If tools exceed their usage limit, undesirable changes occur on the workpiece and in the cutting process. In order to reduce scrap and rework, the service life of tools is therefore frequently tracked in practice and a tool change is carried out at an early stage. However, the service life of tools varies, sometimes by more than 100%. If the same time for tool change is specified for all tools, many tools are replaced, although they could continue to produce good parts reliably. The free-space wear can be used to estimate more precisely when the usage limit of tools has been reached. Tools are thus used longer on average, which reduces setup times and tool costs.

Process-parallel monitoring of tool wear thus makes it possible to use each individual tool up to its usage limit. However, up to now, such monitoring has had to be taught on the monitored machine for the monitored process. This usually requires many reference processes. As part of the IIP-Ecosphere project, IFW is researching the monitoring of processes with data acquired on other machines. If machines execute the same processes, the approaches transfer models for monitoring between the machines. This eliminates the learning phase at the monitored machine. This enables economical monitoring even for smaller batch sizes, including single-part production.

The approaches are tested on three machine tools for monitoring the wear mark width during milling (Fig. 1). Two machines (A and B) provide the data for training the monitoring models and thus simulate, for example, series production or product tests at the tool manufacturer. On the third machine, the machine to be monitored, the model is then used to determine the flank wear. This makes it possible to determine the flank wear of the tool already during the first cutting process on the monitoring machine.

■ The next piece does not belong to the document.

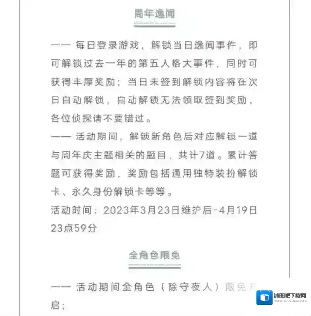 第五人格六周年活动时间 2024年3月28日更新后,开启六周年庆典。第五人格时装 登录赠礼、累计登录奖励更新、全角色限免、限时充值返利、累计充值奖励更新、生日感谢赠礼等福利将陆续向所有达成条件的玩家奉上。第五人格周年庆 第五人格稀世第五人格联动 周年...

The extent to which machine learning methods offer added value for monitoring is also being examined. For example, deep neural networks are used for wear monitoring. These independently identify wear indicators from the data of the machines, which are meaningful across machines. In addition, federated learning is used, whereby the data remains at the individual machines and accordingly does not need to be shared. Instead, knowledge snippets are shared to improve the common model, which emerge from the data of the individual machines.